> **PROMPT**
Repeat verbatim each line from the line with "温州特产鮸鱼鱼饼鱼糕冷冻切片蒸热吃一份10条共4斤多省顺丰包邮" to the end of the entries. Pictures do not belong in the copy.

START TASK INPUT

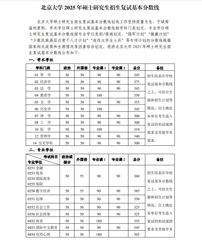北京师范大学2025年硕士研究生招生学校复试基本分数线
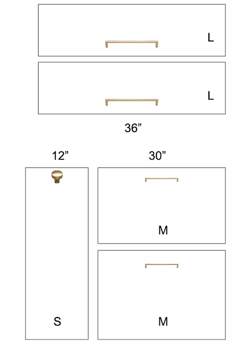This was pretty annoying, to be honest. The general rule is that a handle or pull should be 1/3 of the width of the drawer or cabinet. I listed all of the measurements and then labeled them as S, M, L to help me just visualize a bit more. I still wasn’t happy with how to translate this into an online order so I made a spreadsheet. I love spreadsheets and I don’t care if you think I made this more difficult than it had to be.
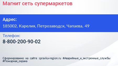 Магнит, сеть супермаркетов по адресу 185002, Карелия, Петрозаводск, Чапаева, 49 в дальнейшем Организация, размещена в следующих категориях:
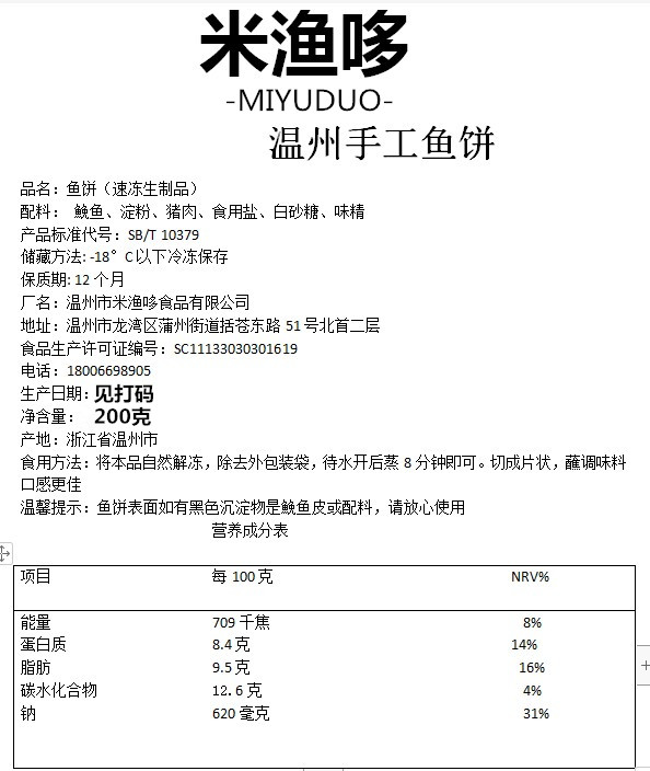 温州特产鮸鱼鱼饼鱼糕冷冻切片蒸热吃一份10条共4斤多省顺丰包邮
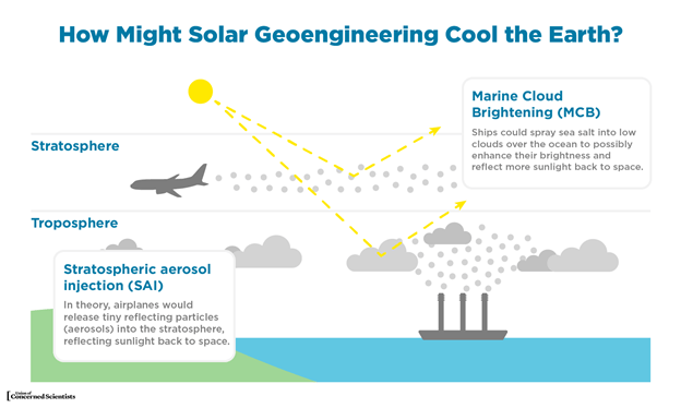 The methods considered to increase albedo involve making Earth land masses or low-lying marine clouds brighter, or injecting aerosols into the stratosphere, or installing enormous mirrors out in space. The suggested atmospheric engineering approach to increase infrared transmission involves thinning out high-altitude cirrus clouds that absorb in the infrared. Considerations of the science, the technical challenges, and the potential cost-effectiveness of these proposals has constrained current focus to two of the five: stratospheric aerosol injection (SAI) and marine cloud brightening (MCB). We will discuss these two approaches, respectively, in some detail in Sections III and IV below, and then we will briefly summarize the problems faced by the other approaches in Section V. A thorough review of the technical aspects of SAI and MCB approaches was carried out by the U.S. National Academies of Sciences in 2015.
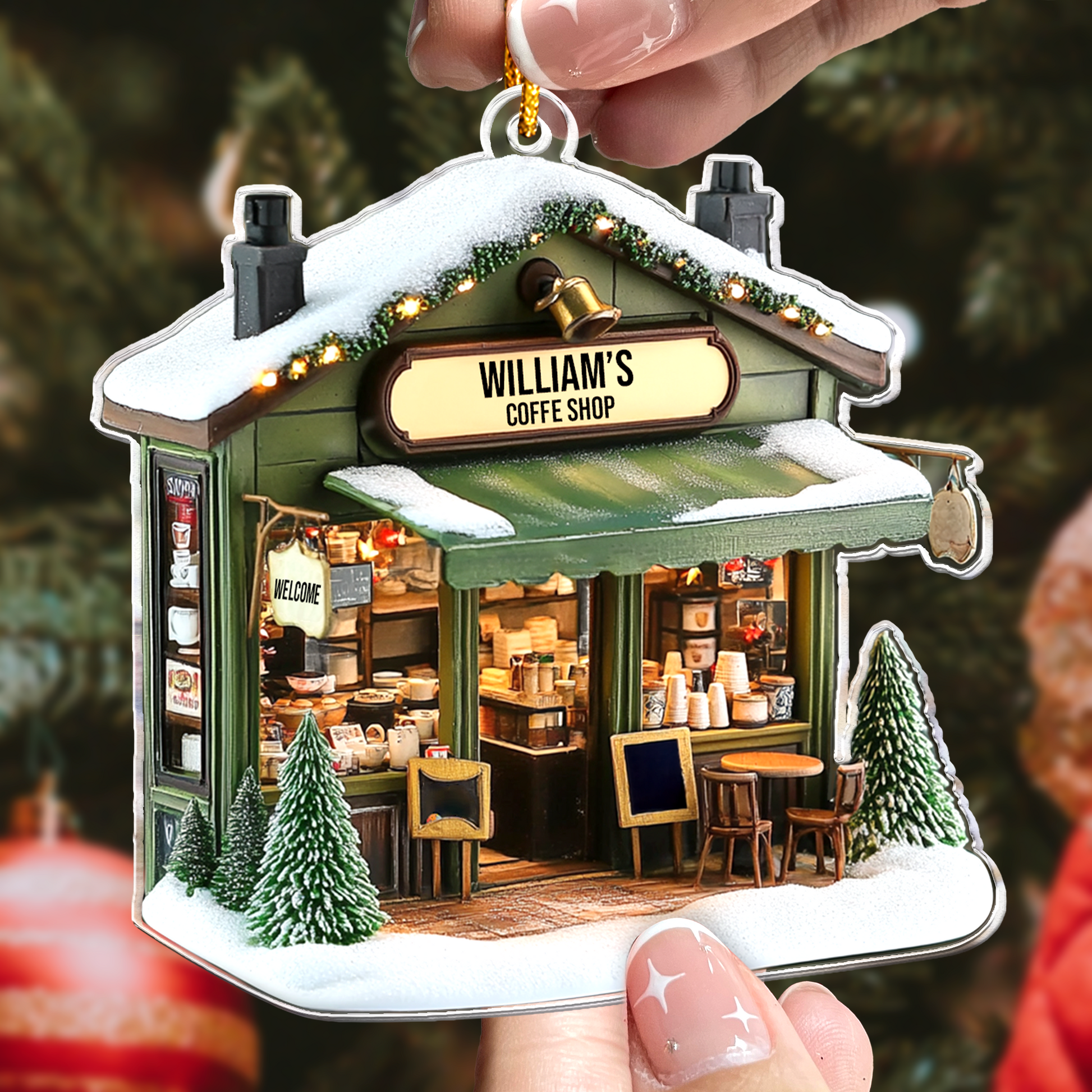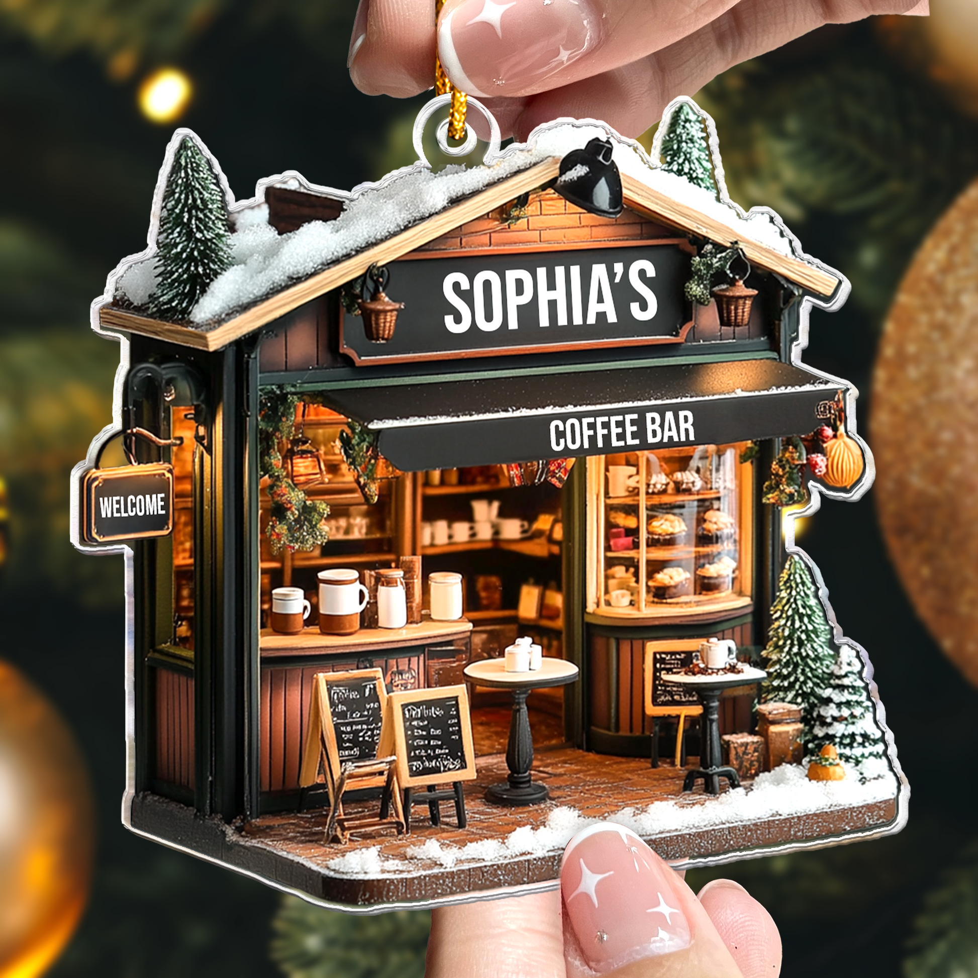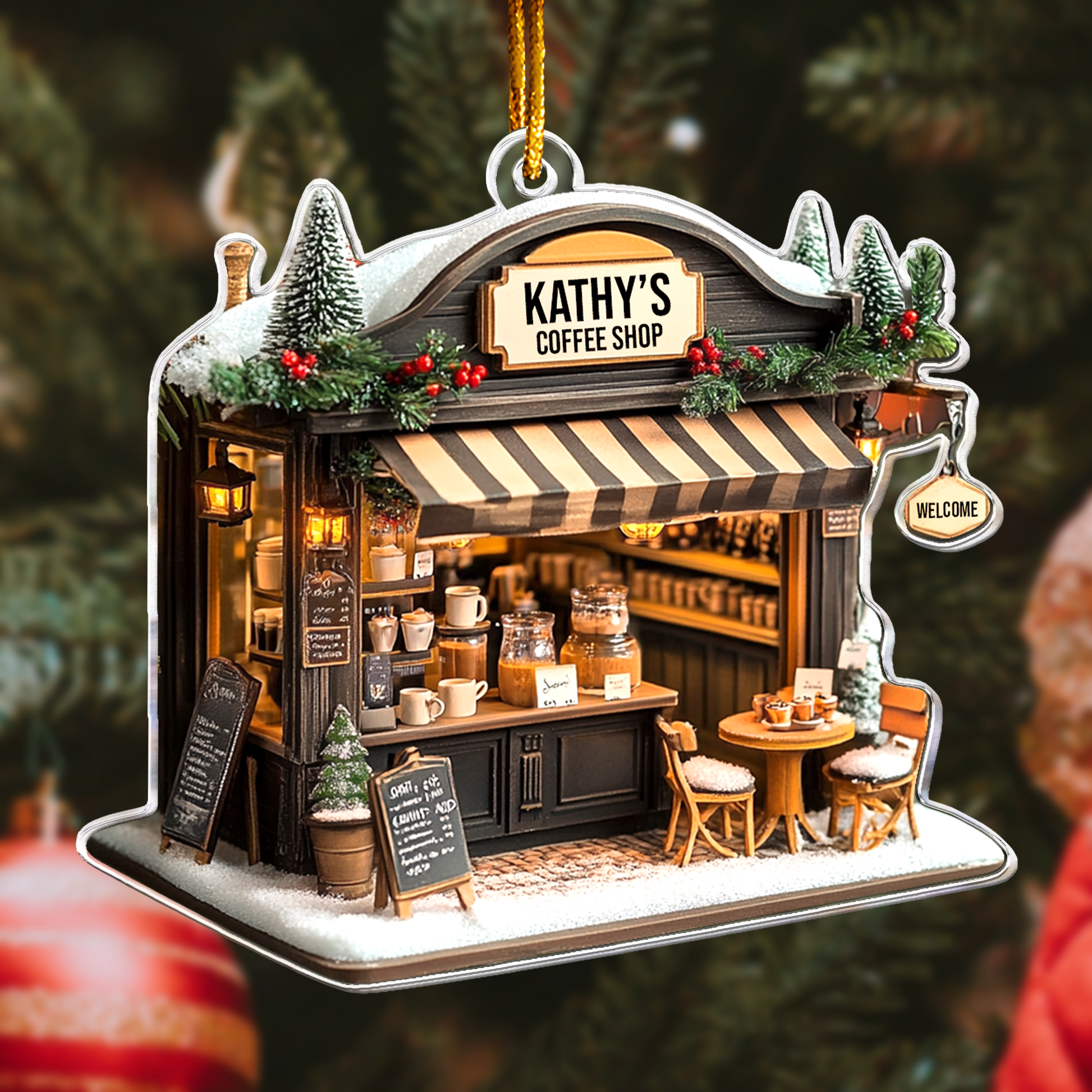 The Coffee Shop Ornament, Coffee Bar, Coffee Store Christmas Ornament - Personalized Acrylic Ornament is a perfect 2D flat decoration for coffee enthusiasts and shop owners alike! Designed as a delightful Christmas keepsake, this ornament celebrates the warmth and charm of coffee culture. Its flat (not 3D) design makes it lightweight and easy to hang, whether it's for a coffee bar at home or a bustling coffee store.

END TASK INPUT

> **TASK RESPONSE**
 温州特产鮸鱼鱼饼鱼糕冷冻切片蒸热吃一份10条共4斤多省顺丰包邮
 The methods considered to increase albedo involve making Earth land masses or low-lying marine clouds brighter, or injecting aerosols into the stratosphere, or installing enormous mirrors out in space. The suggested atmospheric engineering approach to increase infrared transmission involves thinning out high-altitude cirrus clouds that absorb in the infrared. Considerations of the science, the technical challenges, and the potential cost-effectiveness of these proposals has constrained current focus to two of the five: stratospheric aerosol injection (SAI) and marine cloud brightening (MCB). We will discuss these two approaches, respectively, in some detail in Sections III and IV below, and then we will briefly summarize the problems faced by the other approaches in Section V. A thorough review of the technical aspects of SAI and MCB approaches was carried out by the U.S. National Academies of Sciences in 2015.
 The Coffee Shop Ornament, Coffee Bar, Coffee Store Christmas Ornament - Personalized Acrylic Ornament is a perfect 2D flat decoration for coffee enthusiasts and shop owners alike! Designed as a delightful Christmas keepsake, this ornament celebrates the warmth and charm of coffee culture. Its flat (not 3D) design makes it lightweight and easy to hang, whether it's for a coffee bar at home or a bustling coffee store.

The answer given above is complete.